TASK DESCRIPTION>
In the data below, locate the line containing "太宰府天満宮近くの「飯屋 い" and the line containing "Once you’ve found", then retype both and everything between them exactly. Pictures are not part of the copy.

DATA FOR THE TASK>
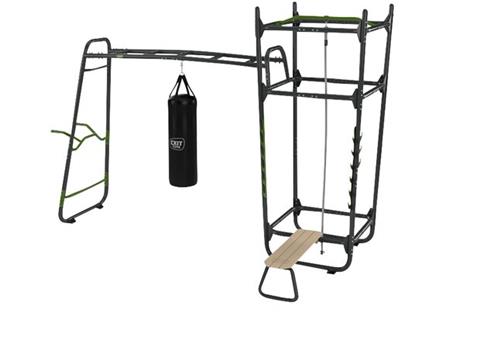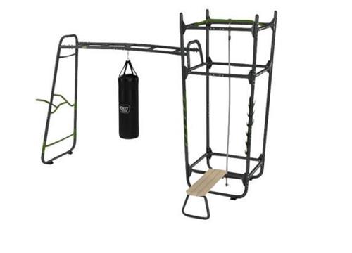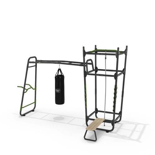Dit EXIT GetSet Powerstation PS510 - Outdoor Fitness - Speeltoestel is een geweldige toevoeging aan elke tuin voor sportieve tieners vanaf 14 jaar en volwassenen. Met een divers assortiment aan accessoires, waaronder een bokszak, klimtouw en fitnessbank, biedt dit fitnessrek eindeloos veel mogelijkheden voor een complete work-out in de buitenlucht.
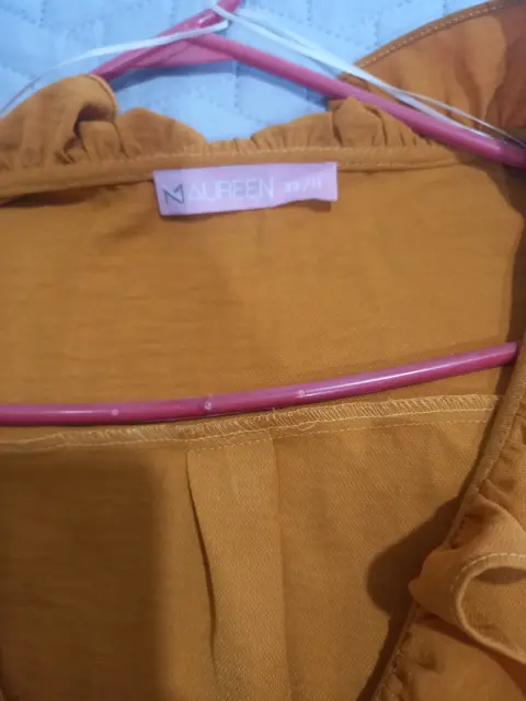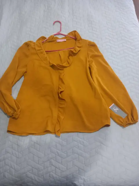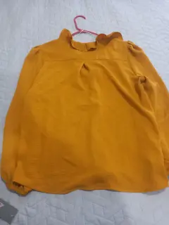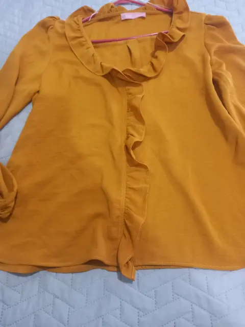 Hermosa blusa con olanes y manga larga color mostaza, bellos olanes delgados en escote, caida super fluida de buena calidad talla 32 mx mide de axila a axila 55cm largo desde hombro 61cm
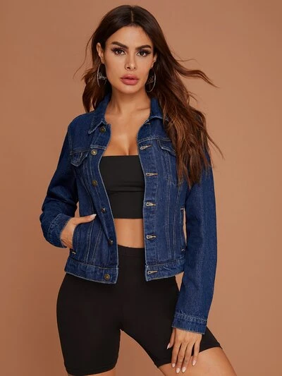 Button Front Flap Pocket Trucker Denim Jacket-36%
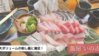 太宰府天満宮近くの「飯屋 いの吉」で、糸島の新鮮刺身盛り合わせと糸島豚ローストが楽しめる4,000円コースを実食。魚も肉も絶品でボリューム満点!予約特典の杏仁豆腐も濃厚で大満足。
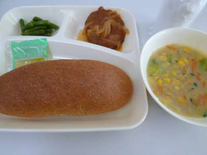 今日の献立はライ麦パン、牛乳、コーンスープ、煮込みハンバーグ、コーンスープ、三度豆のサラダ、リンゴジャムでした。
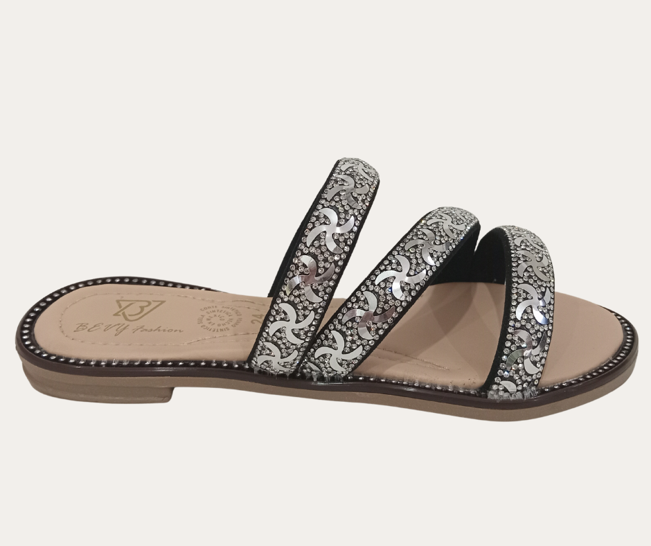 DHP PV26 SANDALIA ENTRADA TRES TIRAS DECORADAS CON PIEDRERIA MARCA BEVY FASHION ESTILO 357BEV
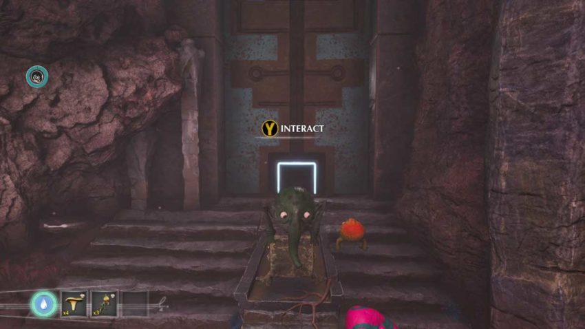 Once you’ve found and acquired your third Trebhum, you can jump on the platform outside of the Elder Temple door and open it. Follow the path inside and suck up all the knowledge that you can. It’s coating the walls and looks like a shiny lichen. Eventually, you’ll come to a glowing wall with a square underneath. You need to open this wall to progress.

* * *

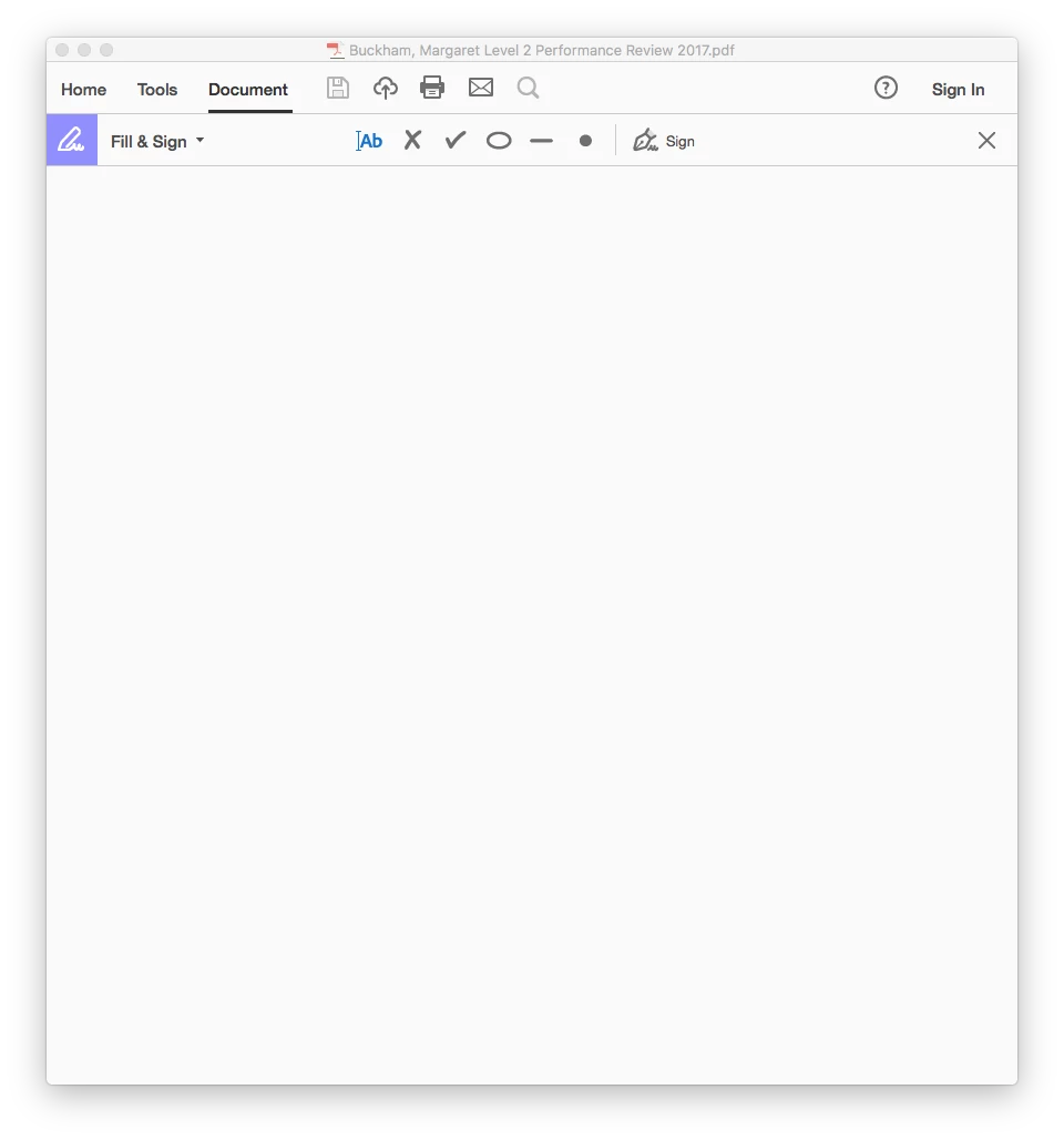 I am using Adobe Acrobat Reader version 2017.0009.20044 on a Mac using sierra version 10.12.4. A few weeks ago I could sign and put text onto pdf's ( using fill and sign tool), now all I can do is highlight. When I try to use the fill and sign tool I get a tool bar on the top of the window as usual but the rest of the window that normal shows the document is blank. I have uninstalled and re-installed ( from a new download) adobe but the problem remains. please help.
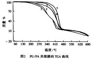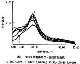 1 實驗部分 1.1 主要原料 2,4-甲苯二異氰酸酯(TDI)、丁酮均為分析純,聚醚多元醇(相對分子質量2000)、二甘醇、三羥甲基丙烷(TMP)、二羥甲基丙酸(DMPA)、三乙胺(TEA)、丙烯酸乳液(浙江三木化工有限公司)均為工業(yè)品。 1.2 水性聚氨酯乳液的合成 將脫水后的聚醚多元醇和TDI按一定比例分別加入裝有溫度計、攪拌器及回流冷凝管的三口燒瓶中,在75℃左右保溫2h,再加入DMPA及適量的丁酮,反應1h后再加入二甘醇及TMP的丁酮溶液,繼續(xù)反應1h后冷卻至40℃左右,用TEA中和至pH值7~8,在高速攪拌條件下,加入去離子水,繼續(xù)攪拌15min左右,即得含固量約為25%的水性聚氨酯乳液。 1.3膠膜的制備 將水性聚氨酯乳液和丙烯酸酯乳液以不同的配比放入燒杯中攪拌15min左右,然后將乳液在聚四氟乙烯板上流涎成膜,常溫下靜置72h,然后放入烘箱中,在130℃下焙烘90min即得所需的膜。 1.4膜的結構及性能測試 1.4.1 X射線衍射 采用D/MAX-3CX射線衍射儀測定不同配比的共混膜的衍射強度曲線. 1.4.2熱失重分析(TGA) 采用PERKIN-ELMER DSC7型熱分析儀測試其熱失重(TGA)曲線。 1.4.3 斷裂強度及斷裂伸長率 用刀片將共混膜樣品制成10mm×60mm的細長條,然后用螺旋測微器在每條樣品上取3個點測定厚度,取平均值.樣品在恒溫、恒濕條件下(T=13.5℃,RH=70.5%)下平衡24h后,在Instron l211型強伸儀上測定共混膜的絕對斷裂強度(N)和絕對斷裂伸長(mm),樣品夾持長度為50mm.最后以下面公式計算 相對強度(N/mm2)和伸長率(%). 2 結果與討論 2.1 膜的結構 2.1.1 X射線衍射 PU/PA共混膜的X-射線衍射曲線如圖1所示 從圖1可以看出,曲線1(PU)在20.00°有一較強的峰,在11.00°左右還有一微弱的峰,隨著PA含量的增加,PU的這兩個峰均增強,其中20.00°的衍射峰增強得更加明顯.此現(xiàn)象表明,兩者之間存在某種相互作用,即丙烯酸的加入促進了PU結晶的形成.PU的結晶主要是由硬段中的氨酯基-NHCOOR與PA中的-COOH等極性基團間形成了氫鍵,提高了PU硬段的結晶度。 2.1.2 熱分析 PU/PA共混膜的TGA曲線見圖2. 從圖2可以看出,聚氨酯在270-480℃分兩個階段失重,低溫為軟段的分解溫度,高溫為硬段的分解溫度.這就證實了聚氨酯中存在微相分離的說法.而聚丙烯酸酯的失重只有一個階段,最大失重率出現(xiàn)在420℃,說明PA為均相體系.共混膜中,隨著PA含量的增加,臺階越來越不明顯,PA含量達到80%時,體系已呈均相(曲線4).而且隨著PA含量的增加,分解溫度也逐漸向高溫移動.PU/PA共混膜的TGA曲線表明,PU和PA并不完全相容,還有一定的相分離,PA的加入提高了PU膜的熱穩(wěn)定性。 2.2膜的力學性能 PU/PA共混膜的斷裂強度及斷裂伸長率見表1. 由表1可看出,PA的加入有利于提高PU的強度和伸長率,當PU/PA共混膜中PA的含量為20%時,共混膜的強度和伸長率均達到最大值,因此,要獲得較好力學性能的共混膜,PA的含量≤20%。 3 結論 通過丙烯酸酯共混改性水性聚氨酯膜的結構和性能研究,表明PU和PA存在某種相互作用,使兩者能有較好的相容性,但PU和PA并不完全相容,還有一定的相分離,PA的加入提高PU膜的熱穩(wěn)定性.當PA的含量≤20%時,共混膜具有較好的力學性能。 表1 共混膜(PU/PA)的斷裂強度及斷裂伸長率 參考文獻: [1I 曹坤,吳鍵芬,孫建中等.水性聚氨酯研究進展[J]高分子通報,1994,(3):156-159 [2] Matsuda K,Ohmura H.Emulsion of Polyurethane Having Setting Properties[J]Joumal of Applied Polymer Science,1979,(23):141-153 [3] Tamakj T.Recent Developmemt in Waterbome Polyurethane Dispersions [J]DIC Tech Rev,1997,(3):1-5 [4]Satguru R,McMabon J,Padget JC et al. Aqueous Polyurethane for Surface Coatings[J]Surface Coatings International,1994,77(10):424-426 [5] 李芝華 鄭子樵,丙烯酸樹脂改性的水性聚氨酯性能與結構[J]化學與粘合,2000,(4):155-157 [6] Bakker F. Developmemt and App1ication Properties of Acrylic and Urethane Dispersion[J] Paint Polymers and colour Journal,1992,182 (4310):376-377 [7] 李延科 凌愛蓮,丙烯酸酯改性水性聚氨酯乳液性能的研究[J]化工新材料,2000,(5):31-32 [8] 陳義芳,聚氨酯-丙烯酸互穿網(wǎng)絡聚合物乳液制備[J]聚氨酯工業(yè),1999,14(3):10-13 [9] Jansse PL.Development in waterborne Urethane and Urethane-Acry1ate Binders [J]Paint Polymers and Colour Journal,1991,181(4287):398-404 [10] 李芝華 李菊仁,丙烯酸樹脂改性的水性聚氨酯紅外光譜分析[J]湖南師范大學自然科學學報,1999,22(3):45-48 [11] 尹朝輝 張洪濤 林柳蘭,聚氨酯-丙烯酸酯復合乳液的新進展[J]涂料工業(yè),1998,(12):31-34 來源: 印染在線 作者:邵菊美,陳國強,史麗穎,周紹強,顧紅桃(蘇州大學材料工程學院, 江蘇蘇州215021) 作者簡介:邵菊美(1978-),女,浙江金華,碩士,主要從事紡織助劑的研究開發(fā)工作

SOLUTION BELOW>
 太宰府天満宮近くの「飯屋 いの吉」で、糸島の新鮮刺身盛り合わせと糸島豚ローストが楽しめる4,000円コースを実食。魚も肉も絶品でボリューム満点!予約特典の杏仁豆腐も濃厚で大満足。
 今日の献立はライ麦パン、牛乳、コーンスープ、煮込みハンバーグ、コーンスープ、三度豆のサラダ、リンゴジャムでした。
 DHP PV26 SANDALIA ENTRADA TRES TIRAS DECORADAS CON PIEDRERIA MARCA BEVY FASHION ESTILO 357BEV
 Once you’ve found and acquired your third Trebhum, you can jump on the platform outside of the Elder Temple door and open it. Follow the path inside and suck up all the knowledge that you can. It’s coating the walls and looks like a shiny lichen. Eventually, you’ll come to a glowing wall with a square underneath. You need to open this wall to progress.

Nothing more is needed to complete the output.